Seeing like an SRE

Metrics that Matter

July 16, 2021

Opinion

Authors:

Article shepherded by:

Laura Nolan

In ‘Seeing Like an SRE: Site Reliability Engineering as High Modernism’ [1], Laura Nolan introduced James C. Scott’s Seeing Like a State: How Certain Schemes to Improve the Human Condition have Failed [2]. She also compared SRE to High Modernism. It is a deeply interesting comparison, in particular because I think they share a lot of the same shortcomings.

When Scott talks of "legibility", he talks of the ability to make a complex, always changing, localized world fit into a set of predefined characteristics. The goal here is that by defining a limited set of well known standardized characteristics that sufficiently describe all the different local realities, the state can impose the same rules and control over all the disparate parts.

In a High Modernist view, the idea is that a centralized entity that has a deep knowledge of the science and high level models of the field will be able to make better decisions for the group and be able to lead and direct the whole group behavior to success. History has been a judge of the multiple attempts to implement High Modernism over the years and has generally judged it harshly. High Modernism has nearly completely failed at its stated goals every time it has been tried.

When Scott talks of "legibility", he talks of the ability to make a complex, always changing, localized world fit into a set of predefined characteristics.

In reaction to Nolan's article, I advised my twitter readers to read Jane Jacobs’ The Death and Life of Great American Cities [3] as a different take on the problem of urbanism and the failures of High Modernism. From Jacobs’ position, cities are not inhabited by a static population with static needs. Over time the needs of the city’s population evolves. That means that for a city to survive, it needs to be able to adapt and change its behavior. Cities need to be polymorphs, always able to reuse and repurpose its parts into something new and different — something that will serve the current needs of the inhabitants. Another interesting corollary is that too high a degree of specialization in urbanism (or any other field) will always have an expiration date, usually reached faster than the designer thinks. This is a fundamental problem that limits High Modernism [4].

On the other hand, after a certain size, some kind of control and direction for evolution is needed. You need the specialised knowledge of the kind of metrics, monitoring and generalised management techniques that High Modernism considers the solution to the problem of complexity — without it, it becomes impossible to fulfil all the constraints and requirements on the system. While the diversity and the fast-changing nature of demands on a system force you to have a lot of metis — local knowledge learned by being there when it was needed — you also need a lot of hard-to-master techne, the kind of knowledge built by abstracting reality into models- that will not be easily accessible but can only be learned by a directed and driven specialist.

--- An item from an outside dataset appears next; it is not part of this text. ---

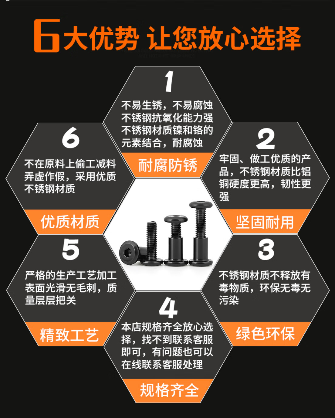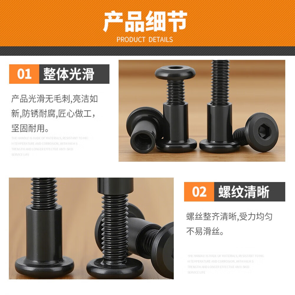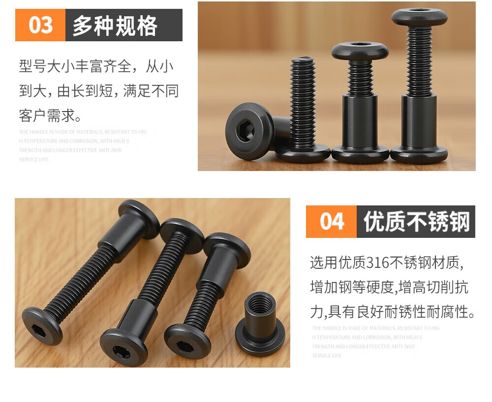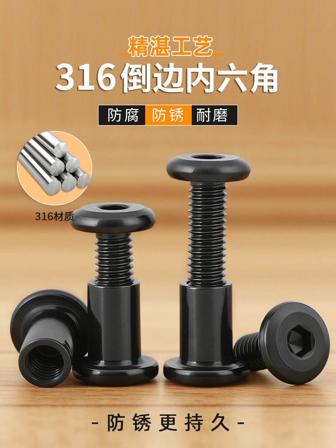 Xuanying Black 316 Stainless Steel Flat Head Beveled Hexagonal Screws Round Head Screws Bevel Bolts Nuts Furniture Screws M6*16 Screws + Nuts (2 Sets)

This is also the situation that SREs find themselves in. We need the ethos of the DevOps movement, letting the teams that have ownership of their services manage a lot of day-to-day work. We need to let teams adapt their methods and tools to their needs and context. However, we also need a higher level vision of the future of the organisation as a whole. Much of the knowledge needed to make higher level strategic planning work is not available at the team level, because each team is after all, mainly oriented to the needs of its own services and users.

Metrics

This brings us to metrics. Usually, the way we resolve this dilemma is by ignoring the local needs. We impose some generic metrics, rules and constraints across the whole organization. After all, if we want to control the future of the organization, what we need are organizational-level measures, decisions and objectives. It is a style of management that tends to mix well with Command-and-Control management. Set up SLOs, OKRs, KPIs, or whatever other three letter acronyms you learned from conferences, or blogs, and then simply enforce them — a prime example of techne.

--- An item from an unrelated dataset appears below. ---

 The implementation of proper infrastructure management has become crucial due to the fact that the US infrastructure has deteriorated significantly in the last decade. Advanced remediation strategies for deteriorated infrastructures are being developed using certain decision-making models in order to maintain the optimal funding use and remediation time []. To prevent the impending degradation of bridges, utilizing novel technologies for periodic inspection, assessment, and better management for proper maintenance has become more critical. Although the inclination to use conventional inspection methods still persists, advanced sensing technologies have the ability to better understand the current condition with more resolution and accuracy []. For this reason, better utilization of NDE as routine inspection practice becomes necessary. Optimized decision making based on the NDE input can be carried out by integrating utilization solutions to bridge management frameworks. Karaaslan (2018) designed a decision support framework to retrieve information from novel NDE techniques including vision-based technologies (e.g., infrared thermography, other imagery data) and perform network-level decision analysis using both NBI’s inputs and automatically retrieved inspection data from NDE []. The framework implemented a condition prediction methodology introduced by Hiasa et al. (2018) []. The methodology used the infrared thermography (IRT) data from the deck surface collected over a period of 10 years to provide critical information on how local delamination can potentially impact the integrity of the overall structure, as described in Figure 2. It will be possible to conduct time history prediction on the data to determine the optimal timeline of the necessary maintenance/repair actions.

In turn, this leads to another way High Modernism fails. Whatever you do, and as much as generalised metrics are valuable, imposing metrics based solely on techne does not work. You will build your toolkit based on an abstracted model that will not fit reality well.

A very common example of a generalised metric is MTTR (Mean Time To Restore). It seems simple, but there is legibility work involved: we have to define what an incident is, when it starts and ends, when it is repaired, when it is mitigated. We will want to automatically track the MTTR somehow, probably from our organization’s ticketing system. Most of this data will probably be entered in our systems by humans, our own operators.

Will it be a good metric to measure progress and stability of our systems? Well, that is a complex question [5]. But more importantly, what will happen once the humans in our organization figure out that we are going to make decisions based on this information — information that they already shape, by being the one handling the incidents? From experience, it is likely that they are going to adjust their definition of what an incident is, of when it starts and when it ends. Each of these definitions are political and negotiated, after all. Their definition is local. Their meaning depends on a team’s own metis. We simply added one more parameter in the negotiation of the meaning. The tool used to mediate this negotiation previously — the ticketing system — now mediates a separate negotiation about organisational MTTR at the same time.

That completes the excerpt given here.